▸ What you should do: Please, could you print all the lines below exactly, leaving out the pictures?
• • • • •
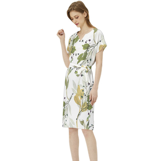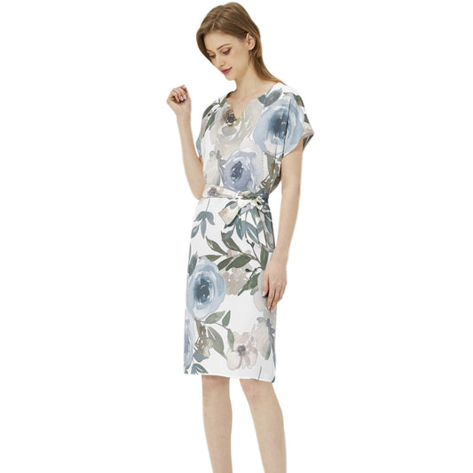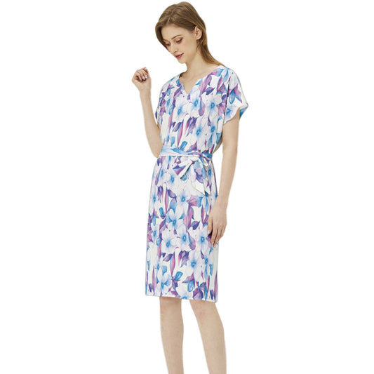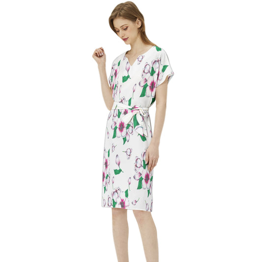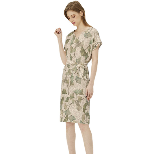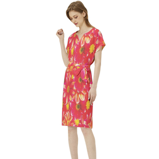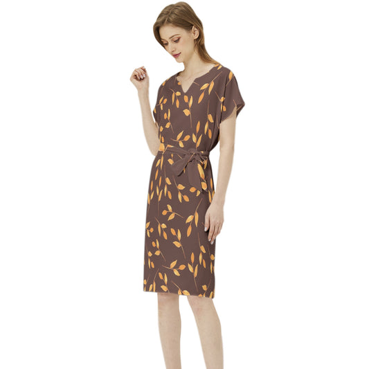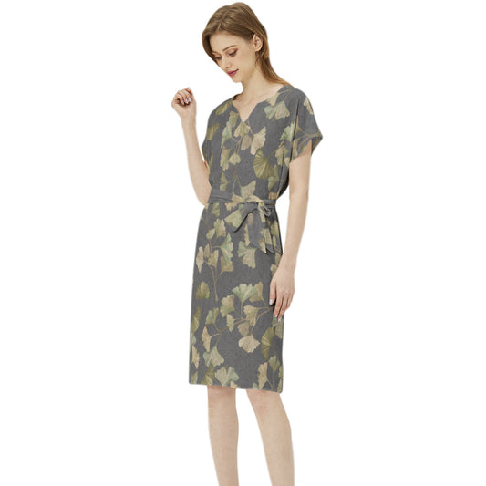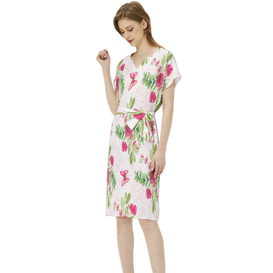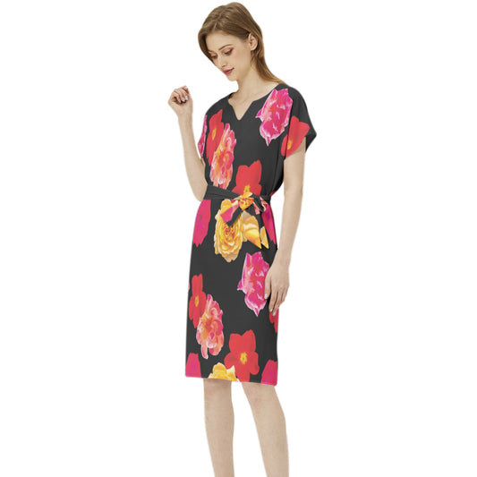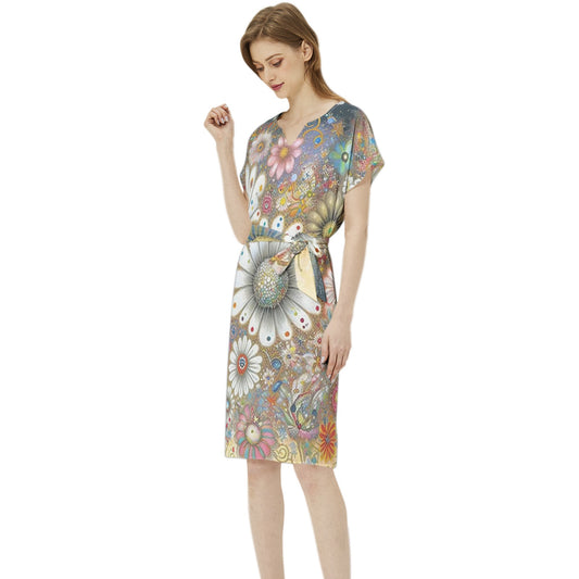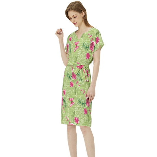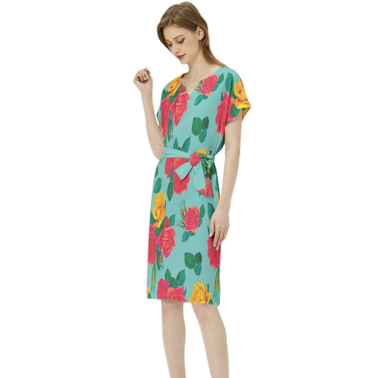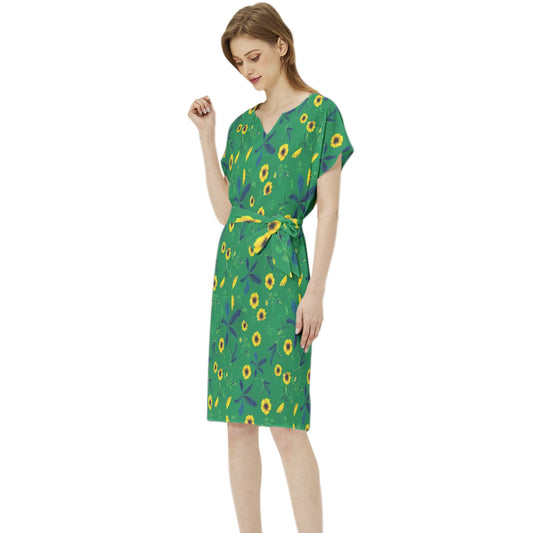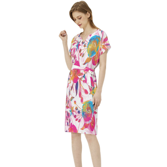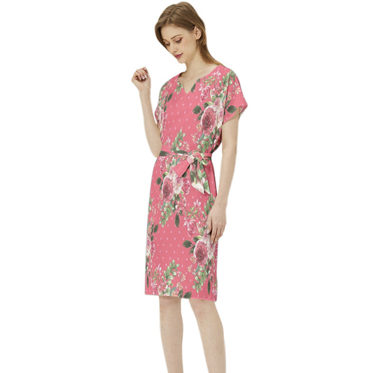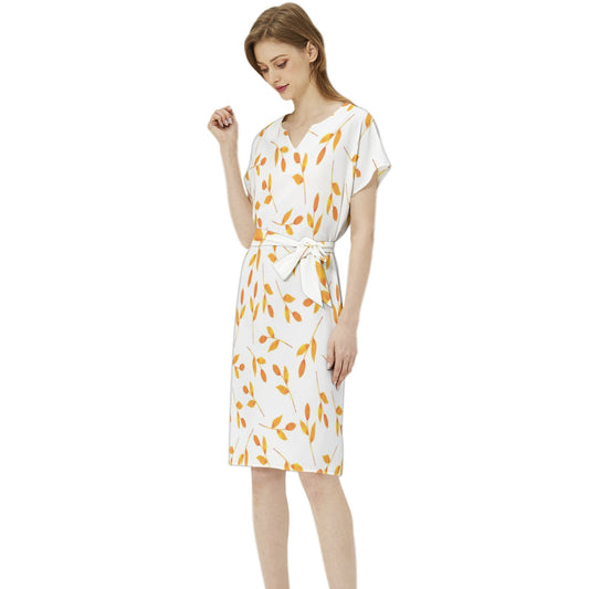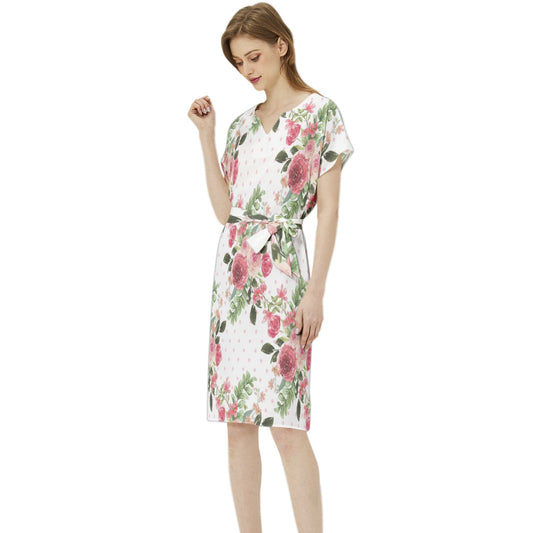 Betwing Seleeve Notch Neck Casual Dress with Belt
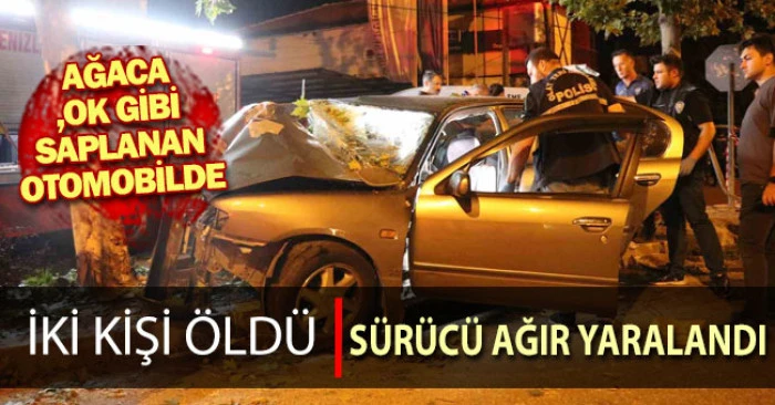 Ağaca ok gibi saplanan otomobilde 2 kişi öldü, sürücü ağır yaralandı
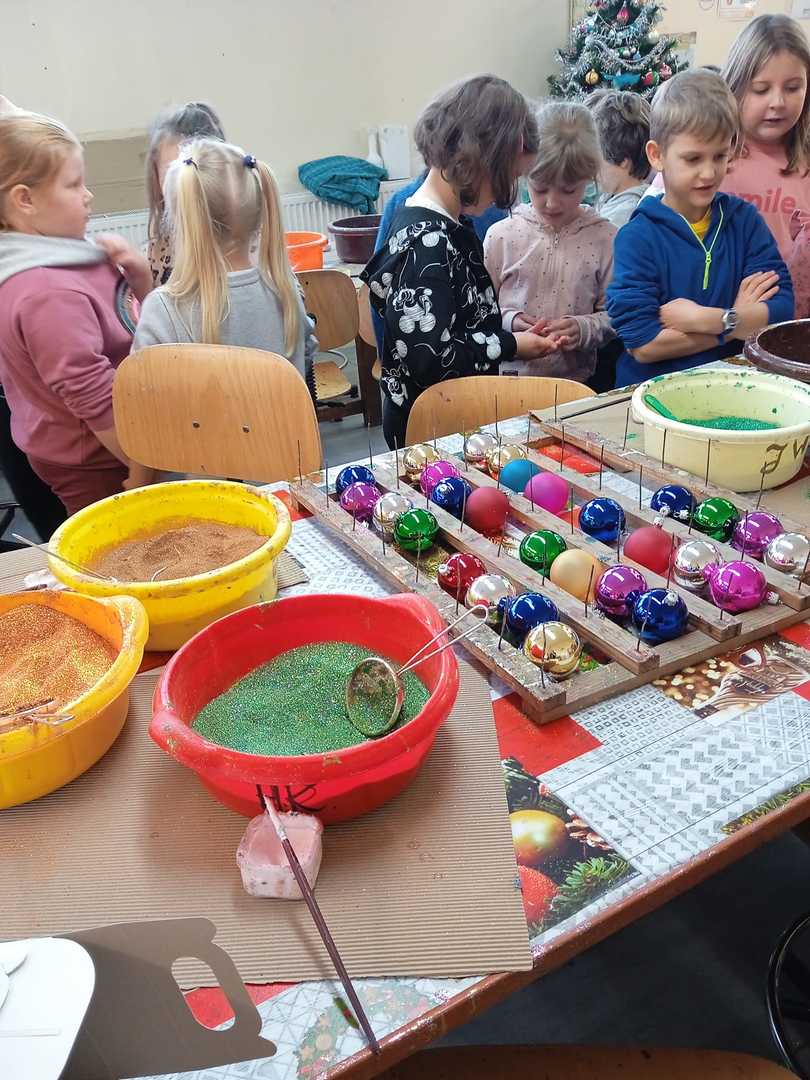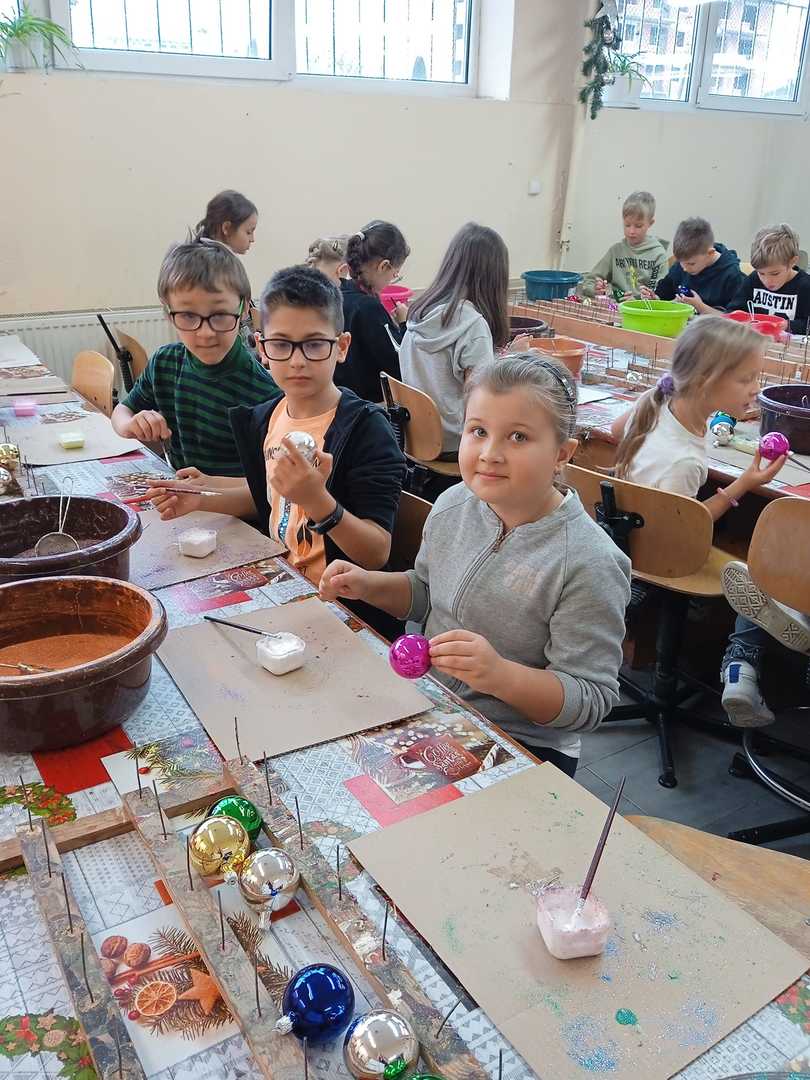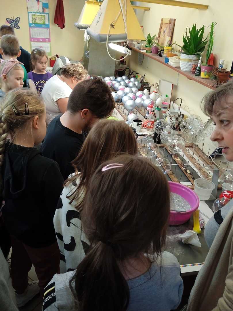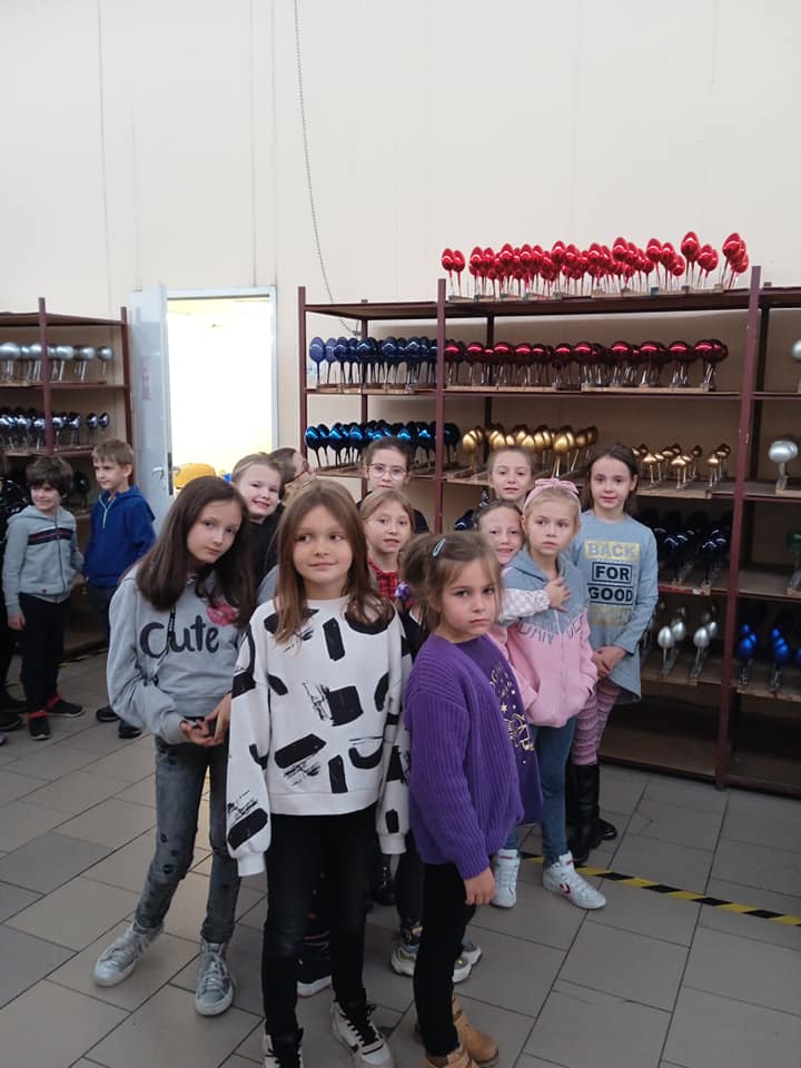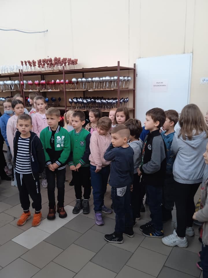 10.11.2022 r. klasa 1b oraz 2b wraz z wychowawczyniami, p.Ewą Agier, p.Justyną Brzezińską oraz bibliotekarką, nauczycielką świetlicy p.Grażyną Welc, wybrały się do fabryki bombek mieszczącej się w Piotrkowie Trybunalskim. Uczniowie mogli zobaczyć bardzo ciekawy, wieloetapowy i pracochłonny proces wytwarzania bombek. Na początku dzieci miały okazję zobaczyć z bliska w jaki sposób wydmuchiwane są bombki oraz jak nadawane są im przeróżne kształty. Dowiedziały się,że srebrne bombki są barwione od środka mieszanką azotanu srebra i glukozy, natomiast barwienie kolorowych bombek odbywa się poprzez ich zanurzanie w wybranym kolorze farby. Obserwowały kolejny etap produkcji, czyli suszenie bombek w bardzo wysokiej temperaturze. Uczniowie odwiedzili również dekoratornię, w której odbywa się ręczne malowanie i ozdabianie zabarwionych bombek. Końcowym etapem wycieczki były warsztaty, podczas których dzieci miały możliwość samodzielnego malowania i dekorowania bombek. Powstały piękne i niepowtarzalne ozdoby, które każde dziecko otrzymało jako pamiątkę z wycieczki. Przed odjazdem odwiedziliśmy również sklepik, gdzie dzieci mogły zakupić upominki dla najbliższych.
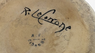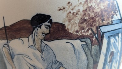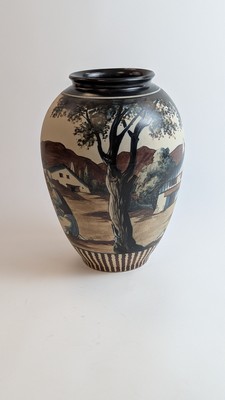 GRAND VASE bursiforme en grès émaillé polychrome à décor tournant d'un bouvier et femme avec pegarra à la fontaine, dans un décor de village basque. Signé R. Le Corrone et marqué au tampon.
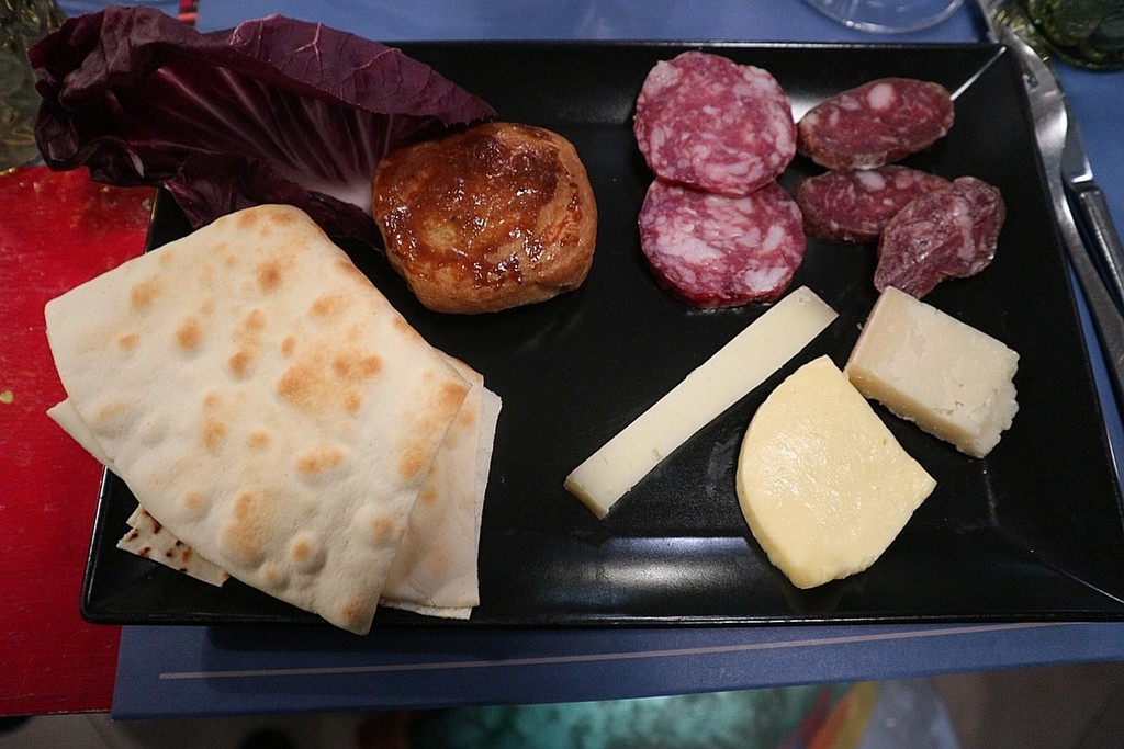 La cena si è aperta con le Impanadas, piccoli scrigni di pasta un tempo preparati nei giorni di festa. Al loro interno custodiscono una gustosa farcia di salsiccia, abbinata a salumi e formaggi sardi: un antipasto fragrante e ricco, profondamente legato alla terra e alla cultura pastorale dell’isola. Testimoni di una cucina che sa essere povera e generosa, semplice e sapientissima allo stesso tempo.
• • • • •
▸ Task output:
 Betwing Seleeve Notch Neck Casual Dress with Belt
 Ağaca ok gibi saplanan otomobilde 2 kişi öldü, sürücü ağır yaralandı
 10.11.2022 r. klasa 1b oraz 2b wraz z wychowawczyniami, p.Ewą Agier, p.Justyną Brzezińską oraz bibliotekarką, nauczycielką świetlicy p.Grażyną Welc, wybrały się do fabryki bombek mieszczącej się w Piotrkowie Trybunalskim. Uczniowie mogli zobaczyć bardzo ciekawy, wieloetapowy i pracochłonny proces wytwarzania bombek. Na początku dzieci miały okazję zobaczyć z bliska w jaki sposób wydmuchiwane są bombki oraz jak nadawane są im przeróżne kształty. Dowiedziały się,że srebrne bombki są barwione od środka mieszanką azotanu srebra i glukozy, natomiast barwienie kolorowych bombek odbywa się poprzez ich zanurzanie w wybranym kolorze farby. Obserwowały kolejny etap produkcji, czyli suszenie bombek w bardzo wysokiej temperaturze. Uczniowie odwiedzili również dekoratornię, w której odbywa się ręczne malowanie i ozdabianie zabarwionych bombek. Końcowym etapem wycieczki były warsztaty, podczas których dzieci miały możliwość samodzielnego malowania i dekorowania bombek. Powstały piękne i niepowtarzalne ozdoby, które każde dziecko otrzymało jako pamiątkę z wycieczki. Przed odjazdem odwiedziliśmy również sklepik, gdzie dzieci mogły zakupić upominki dla najbliższych.
 GRAND VASE bursiforme en grès émaillé polychrome à décor tournant d'un bouvier et femme avec pegarra à la fontaine, dans un décor de village basque. Signé R. Le Corrone et marqué au tampon.
 La cena si è aperta con le Impanadas, piccoli scrigni di pasta un tempo preparati nei giorni di festa. Al loro interno custodiscono una gustosa farcia di salsiccia, abbinata a salumi e formaggi sardi: un antipasto fragrante e ricco, profondamente legato alla terra e alla cultura pastorale dell’isola. Testimoni di una cucina che sa essere povera e generosa, semplice e sapientissima allo stesso tempo.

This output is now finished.